-- Given records --

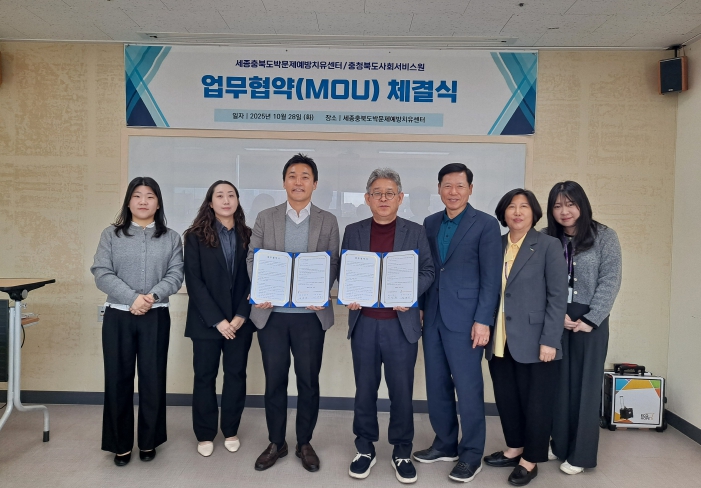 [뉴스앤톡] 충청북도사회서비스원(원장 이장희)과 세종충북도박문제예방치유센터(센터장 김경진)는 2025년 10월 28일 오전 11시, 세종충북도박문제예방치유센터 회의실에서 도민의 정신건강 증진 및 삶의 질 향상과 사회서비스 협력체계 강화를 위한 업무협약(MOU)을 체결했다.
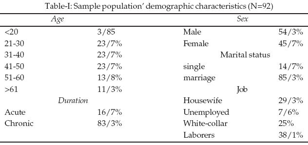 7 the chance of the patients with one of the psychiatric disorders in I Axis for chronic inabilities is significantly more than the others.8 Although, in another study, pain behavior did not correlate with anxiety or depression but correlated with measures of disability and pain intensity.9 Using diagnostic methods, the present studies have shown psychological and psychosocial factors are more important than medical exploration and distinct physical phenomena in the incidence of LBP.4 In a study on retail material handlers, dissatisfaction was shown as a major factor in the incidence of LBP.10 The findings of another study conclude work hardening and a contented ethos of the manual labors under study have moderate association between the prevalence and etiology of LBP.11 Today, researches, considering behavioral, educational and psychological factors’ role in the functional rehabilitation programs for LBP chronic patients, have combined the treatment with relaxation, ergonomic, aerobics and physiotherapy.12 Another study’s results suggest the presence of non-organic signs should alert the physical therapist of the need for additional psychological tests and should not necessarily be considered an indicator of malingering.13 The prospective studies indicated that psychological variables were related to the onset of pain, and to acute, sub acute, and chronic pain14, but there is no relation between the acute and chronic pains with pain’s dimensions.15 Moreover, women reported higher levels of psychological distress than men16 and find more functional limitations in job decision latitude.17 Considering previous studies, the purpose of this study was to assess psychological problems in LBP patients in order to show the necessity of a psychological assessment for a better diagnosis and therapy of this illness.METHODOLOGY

==

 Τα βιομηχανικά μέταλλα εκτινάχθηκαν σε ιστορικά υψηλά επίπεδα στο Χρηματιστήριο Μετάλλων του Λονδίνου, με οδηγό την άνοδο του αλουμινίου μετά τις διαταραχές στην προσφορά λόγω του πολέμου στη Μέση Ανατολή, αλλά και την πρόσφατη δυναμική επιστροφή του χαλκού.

-- Exercise brief --
Everything above from the line with "[뉴스앤톡] 충청북도사회서비스원(원장 이장희)과" through the line with "7 the chance" should be retyped exactly, and nothing else; omit pictures.

-- Solution for this task --
 [뉴스앤톡] 충청북도사회서비스원(원장 이장희)과 세종충북도박문제예방치유센터(센터장 김경진)는 2025년 10월 28일 오전 11시, 세종충북도박문제예방치유센터 회의실에서 도민의 정신건강 증진 및 삶의 질 향상과 사회서비스 협력체계 강화를 위한 업무협약(MOU)을 체결했다.
 7 the chance of the patients with one of the psychiatric disorders in I Axis for chronic inabilities is significantly more than the others.8 Although, in another study, pain behavior did not correlate with anxiety or depression but correlated with measures of disability and pain intensity.9 Using diagnostic methods, the present studies have shown psychological and psychosocial factors are more important than medical exploration and distinct physical phenomena in the incidence of LBP.4 In a study on retail material handlers, dissatisfaction was shown as a major factor in the incidence of LBP.10 The findings of another study conclude work hardening and a contented ethos of the manual labors under study have moderate association between the prevalence and etiology of LBP.11 Today, researches, considering behavioral, educational and psychological factors’ role in the functional rehabilitation programs for LBP chronic patients, have combined the treatment with relaxation, ergonomic, aerobics and physiotherapy.12 Another study’s results suggest the presence of non-organic signs should alert the physical therapist of the need for additional psychological tests and should not necessarily be considered an indicator of malingering.13 The prospective studies indicated that psychological variables were related to the onset of pain, and to acute, sub acute, and chronic pain14, but there is no relation between the acute and chronic pains with pain’s dimensions.15 Moreover, women reported higher levels of psychological distress than men16 and find more functional limitations in job decision latitude.17 Considering previous studies, the purpose of this study was to assess psychological problems in LBP patients in order to show the necessity of a psychological assessment for a better diagnosis and therapy of this illness.METHODOLOGY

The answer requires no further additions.